Genetic control of awning

GWAS for awning identified a major genetic locus on the long arm of chromosome 5A at approximately 704 cM. In wheat, three dominant inhibitors of awning have previously been identified: Hd (Hooded, chromosome 4A), B1 (Tipped 1, 5A) and B2 (Tipped 2, 6B) (McIntosh et al. 1998; Kato et al. 1998, Yoshioka et al. 2017). While Hd and B2 remain only coarsely mapped, the B1 locus has previously been mapped to a 7.5 cM interval on the long arm of chromosome 5A, distal to the 4AL/5AL translocation breakpoint (Mackay et al. 2014), which was further fine mapped to a 2.2 cM interval (Yoshioka et al. 2017). More recently, a C2H2 zinc finger transcription factor has been identified as a candidate gene for B1 using GWAS in an association mapping panel and by mapping in a biparental populations (DeWitt et al. 2019; Wang et al. 2019), located at 698.529 Mb in the reference wheat genome sequence assembly. The significant SNP for awning identified here by GWAS (BobWhite_c8266_227, 698.508 Mb, Table 1) is located ∼21 kb from the C2H2 zinc finger candidate gene, and has previously been identified as the most predictive marker for awning in a UK Multiparent Advanced Generation Inter-Cross (MAGIC) population (Mackay et al. 2014).
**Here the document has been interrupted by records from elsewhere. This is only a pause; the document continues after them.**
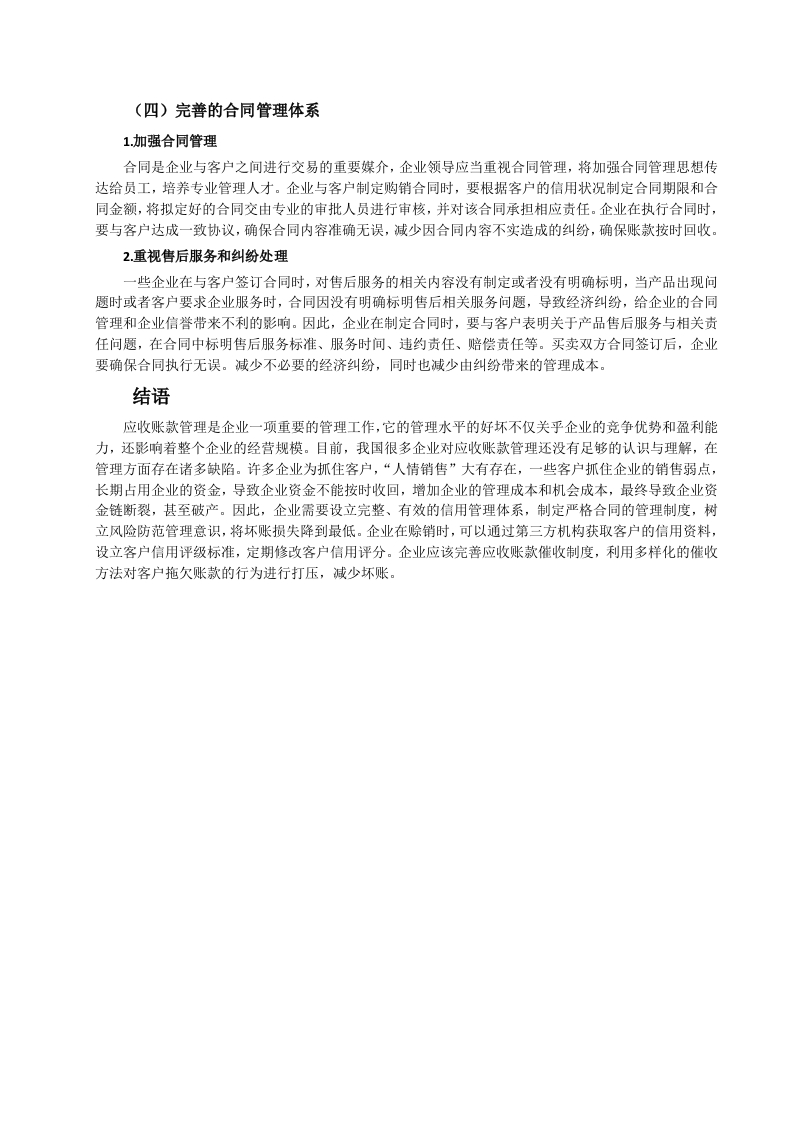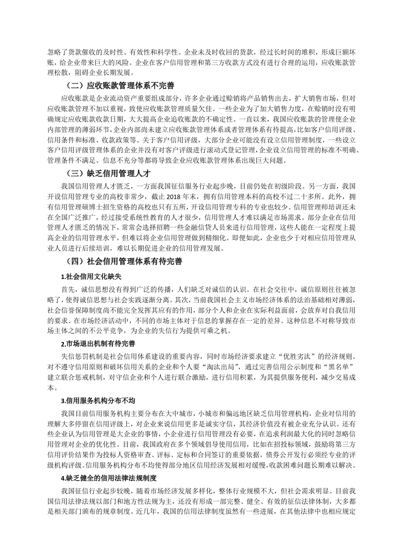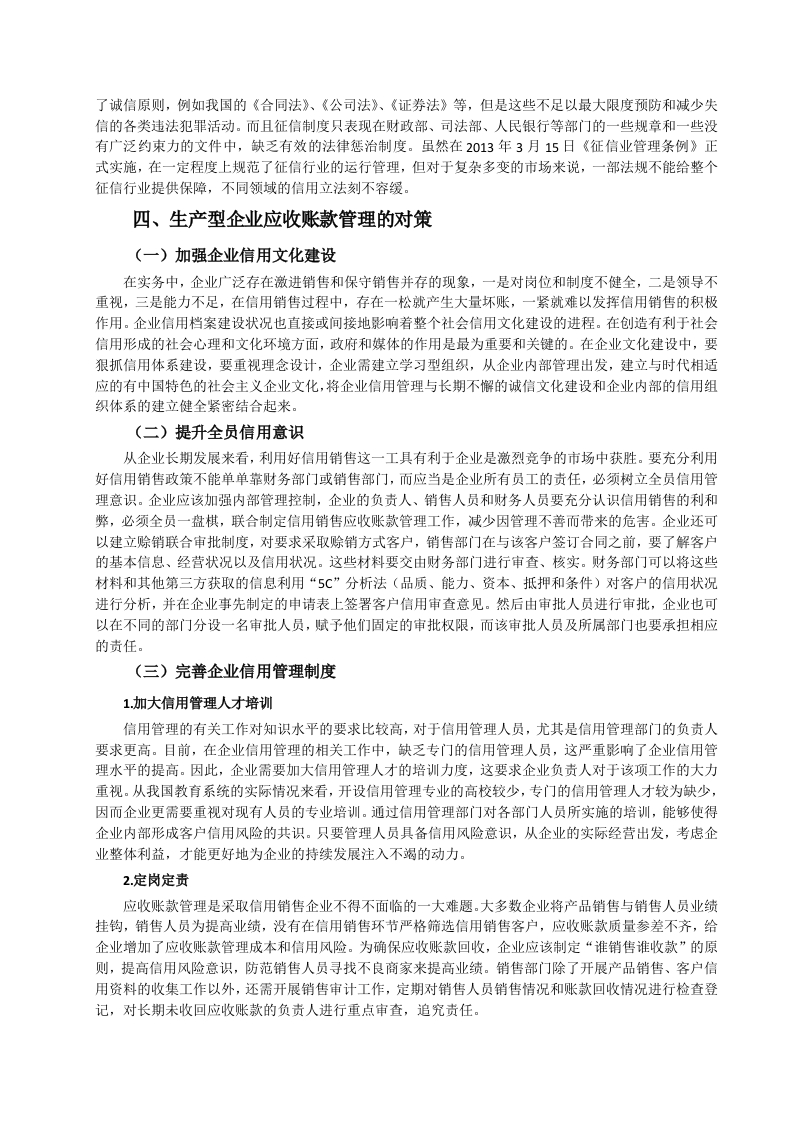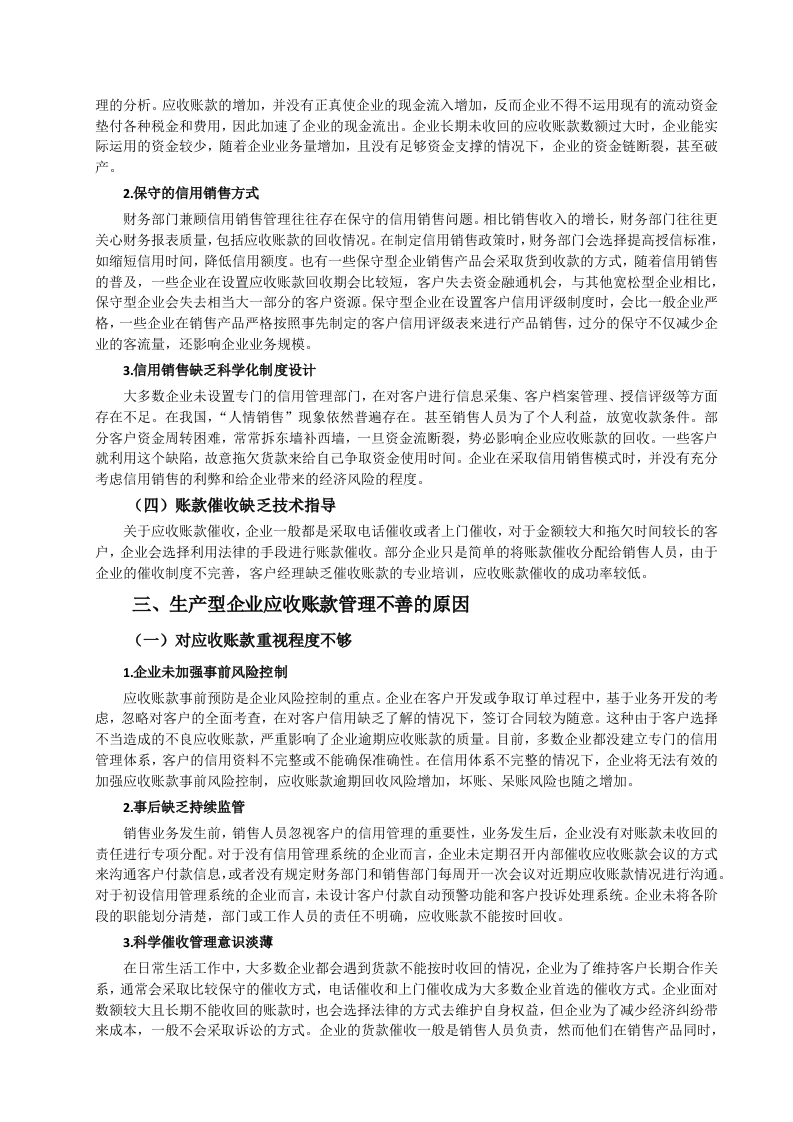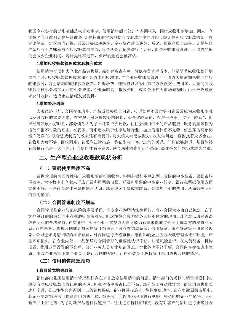 引言随着信用销售的广泛运用,应收账款管理的重要性不断提升。应收账款是企业流动资产的重要组成部分,应收账款的增加,意味着企业的营业收入未能及时收回,即使企业账上利润增加,但收现质量较差,甚至部分企业因此面临着资金断裂的风险。由于企业对客户的信用管理体系不完善,在对客户授信前没有进行较为科学的信用评级,客户评级偏差大,导致企业应收账款管理缺乏科学性。在我国很多企业都没有设立专门的信用管理部门,应收账款管理较为混乱,一些应收账款因为各种原因长期难以收回,增加了各项管理成本,减少了企业利润,降低资金使用效率,影响企业后期发展。因此,企业要加强对应收账款的管理,完善客户管理体系以及企业内控管理,减少坏账损失,而不能盲目追求营业收入增长,放宽应收账款信用管理。一、生产型企业应收账款管理变的理论基础(一)应收账款的概念应收账款是指企业在正常的经营过程中因销售商品和提供劳务等业务,应向购买单位收取的款项包括应由购买单位或接受劳务单位负担的税金、代购买方垫付的包装费各种运杂费等。此外,在有销售折扣的情况下,还应考虑商业折扣和现金折扣等因素。四(二)应收账款管理的概念应收账款管理是指在赊销业务中,从授信方(销售商)将货物或服务提供给受信方(购买商),债权成立开始,到款项实际收回或作为坏账处理结束,授信企业采用系统的方法和科学的手段,对应收账款回收全过程所进行的管理。其目的是保证足额、及时收回应收账款,降低和避免信用风险。应收账款管理是信用管理的重要组成部分,它属于企业后期信用管理范畴。四(三)应收账款形成的原因竞争激烈是企业进行信用销售的主要原因,也是形成应收账款的主要原因。在竞争日益激烈的卖方市场条件下,企业为了在市场中生存下去,扩大销售额,增加市场份额,提高市场占有率,以此提高经济效益。此外,市场产品更新替代速度快,企业为了减少产品库存,获取利润,降低单位生产成本。企业除了低价销售产品争夺市场外,赊销成了重要的销售方式,因此产生了大量的应收账款,给企业带来了严重的潜在风险。(四)应收账款管理不普的影响1.降低资金使用效率应收账款属于短期流动资产,当企业存在过多的应收款未收回时,坏账的风险增加,严重的情况下,可能还会导致企业资金链断裂。由于企业物流与现金流的时间不一致,货物发出,开出销售发票,货款却不能同步收回,而销售己经成立。这种没有货款流入的销售收入,势必影响资产质量。在没有资金流入的情况下,企业还要上缴销售税金以及税金预缴,如果遇到跨年度的应收账款,可能会因此虚增利润,并且用现有流动资金分红。长期未收回的货款会占用大量的资金,久之会影响企业的资金正常运转,虚增利润,隐藏企业经营的真实情况,导致企业不能正常经营。2产生坏账风险面对竞争激烈的市场,企业若只重视增加销售规模,扩大市场份额,由于考核与销售收入挂钩,很容易造成盲目的赊销产品、延长信用还款日期等问题。这种普遍只重视收营业入和利润指标,不重视应收账款的回收,如果资金不能回笼,就会产生没有现金流的账面利润,企业也就会形成许多呆账、坏账,严重还会影响企业的后续发展。3.资产质量下降处于买方市场的生产企业应收账款占比较高,一般而言,应收账款与销售收入呈正相关关系。由于我国企业实行的记账基础是权责发生制,信用销售额全部计入当期收入,同时应收账款增加。期末,企业按照会计准则计提坏账准备,计提标准通常为根据应收账款产生的时间长短计提和应收账款的某一固定比例或一定区间内计提。通常计提比率越高,企业资产质量越好,反之,则资产质量越差。计提坏账准备后并不意味着放弃应收账款的催收,只是从会计角度进行了处理,但是应收账款管理不善造成的损失会减少企业利润,若计提比率过低,资产质量则会被高估。4增加应收账款管理成本和机会成本信用销售可以扩大企业产品销售量,减少存货占有率,降低存货管理成本。但是随着应收账款的增加的同时,应收账款管理成本和机会成本相应增加。当企业应收账款管理不善造成大量逾期未收回的应收账款时,就会增加应收账款收款费,如诉讼费、律师费以及采用第三方收款支付费用等。大量的应收账款同样也会增加企业的机会成本,企业面临高回报投资时,或者企业扩大市场规模时,由于应收账款未及时收回,造成企业措施发展良机。5.增加经济纠纷宏观经济下行、合同存在瑕疵、产品或服务质量问题、投诉处理不及时等问题常常成为应收账款难以及时收回的重要因素。在宏观经济发展较好的时期,资金比较宽裕,客户一般不会过于“较真”,但在经济发展不好时期,部分债务人为了不还款或少还款,往往会利用细小的产品瑕疵、服务质量等作为拖欠和拒不付款的理由。在我国,商账追收属于法律边缘行业,加上信用体系不完善,信息孤岛现象仍然广泛存在,联合惩戒制度的效果还有待提升,对失信人缺乏威慑力,收账难问题一直困扰着众多企业若收账力度不够,回收困难:若采取法律措施,势必影响与客户之间的关系,即便能够胜诉,是否能够有效执行也是一大问题。社会信用体系不完善,联合惩戒的作用还不凸显,商业拖欠问题仍然较为严重。二、生产型企业应收账款现状分析(一)票据使用
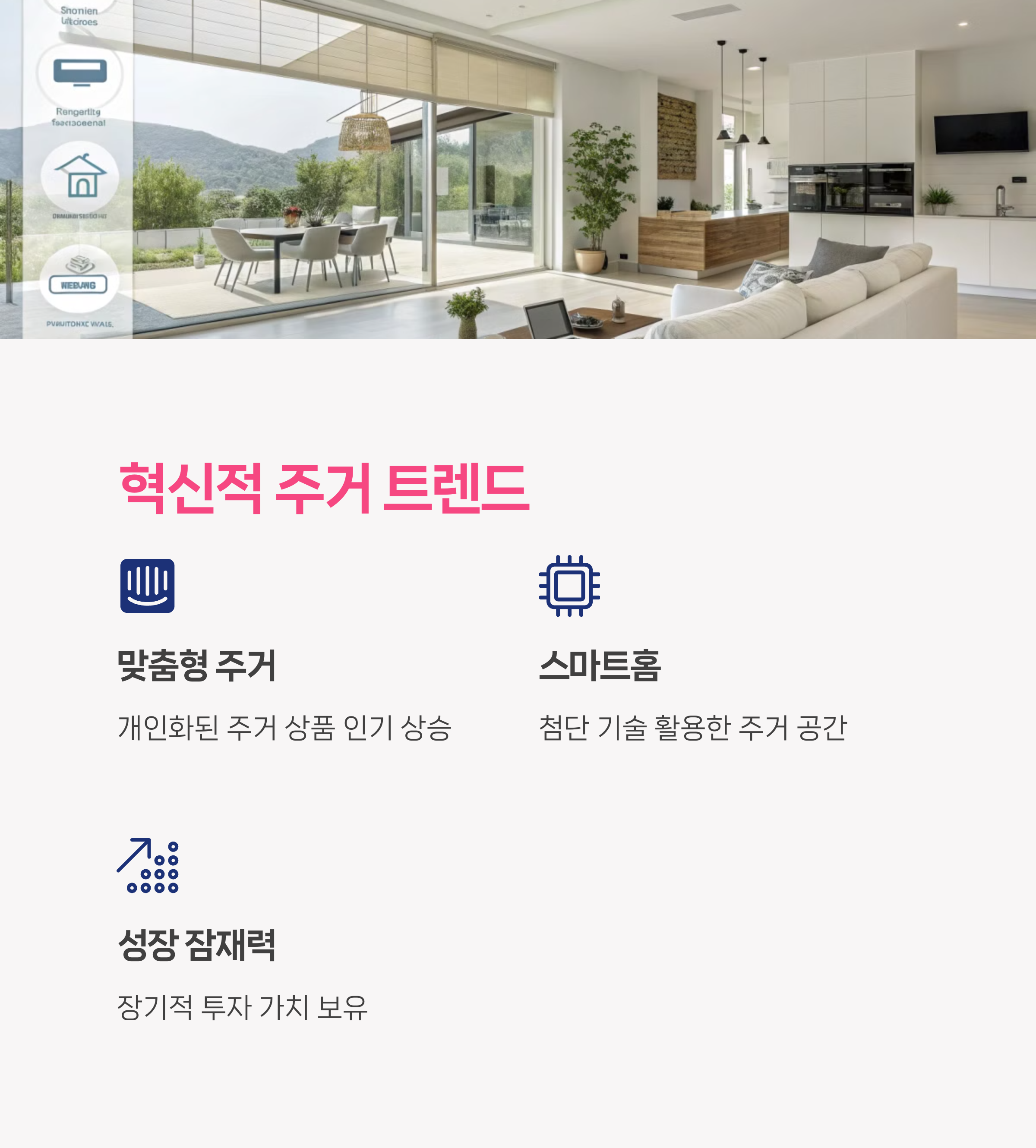 커스터마이징 홈, 고령자 맞춤형, 친환경 주거 공간 등은 장기적 수요와 사회적 가치까지 함께 고려한 새로운 투자 트렌드입니다.
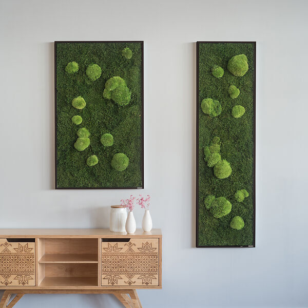 Nutzen Sie dieses 140 x 40 cm Moosobjekt wie ein Gemälde und heben Sie besondere architektonische Merkmale Ihrer Räume hervor. Hängen Sie das längliche Moosbild quer über einen Esstisch, eine Couch oder hochkant zwischen zwei Fenster. Dieses Moosbild eignet sich besonders gut als Ergänzung zu unseren anderen Objekten.
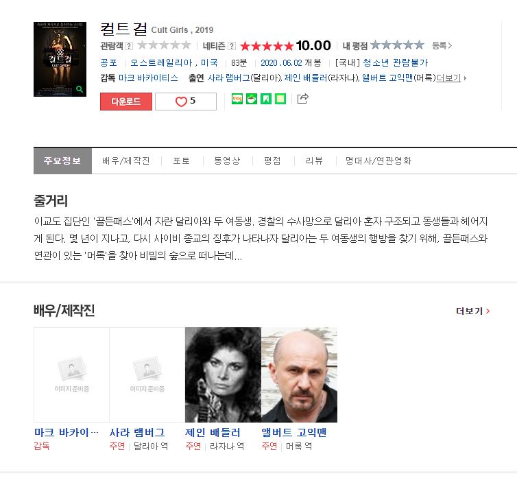 | 컬트걸.mp4 | 5.2 G | 01:23:23 | 1920x1080 |
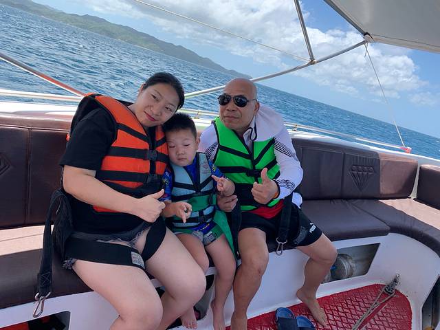 上午从酒店游会泳,下午12点来接我们去环岛游,然后BBQ。好热,一定注意防晒。参加以后,不建议环岛游,然后一人80美金,3岁以下孩子不要钱,还是选择跳岛游。
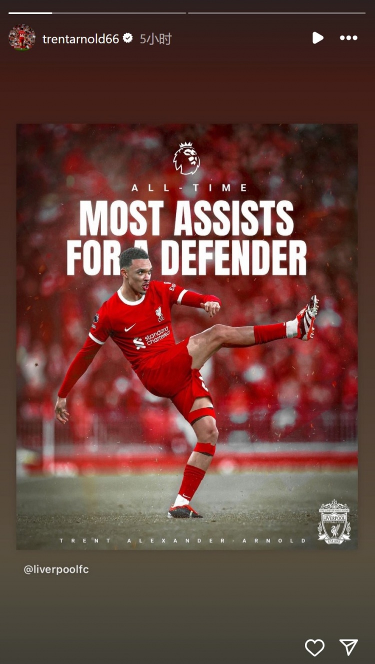 阿诺德职业生涯至今在英超送出58记助攻,成为英超历史助攻次数最多的后卫,他在社交媒体上晒出海报,庆祝达成这一成就。
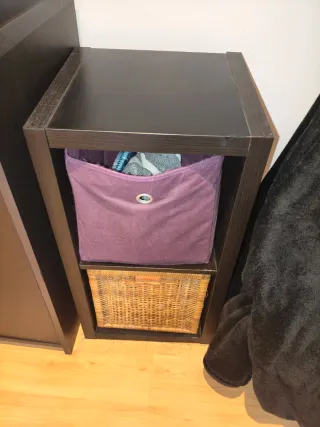 Urge. Se separa Conjunto de mueble para televisión (120*130)y dos estanterías una de suelo alta (105*191) y otra pequeña para colgar(la que aparece en la foto con un cajón de tela morado y de mimbre es en horizontal)(76*40)) - Estructura principal en color marrón-negro oscuro. - Diseño moderno y funcional. Tiene algún desperfectos pero se puede cubrir con edding negro

Inspection of the reference genome assembly and gene model annotations for cv. Chinese Spring (IWGSC, 2018) shows that the fine-mapped B1 region (690.31 - 698.19 Mb, anchored via markers WABM232824 and WMS291, respectively) (Yoshioka et al. 2017) also contains the previously identified genes underlying the cereal VRN-2 vernalisation locus (ZCCT1, ∼698.18 Mb on chromosome 5A) (Yan et al. 2004, Cockram et al. 2010b) which control flowering time and seasonal growth habit in response to low temperatures (termed ‘vernalization’). This indicates it could be of interest to explore whether the preference for awned varieties in warmer climates might also be due to linkage to specific seasonal growth habit alleles at VRN-2. By anchoring SNPs identified here as highly significant to the wheat reference genome, as well as those previously shown to have significant association with awn length on chromosome 5A (Yoshioka et al. 2017), we find the physical region identified by GWAS here (covering a region of 188.91 Mb. Table 1) spans the fine-mapped 5A region previously identified by Yoshioka et al. (2017), demonstrating the association mapping panel assembled in this work is sufficient with limited awn phenotype data (n = 199) to identify target genetic regions.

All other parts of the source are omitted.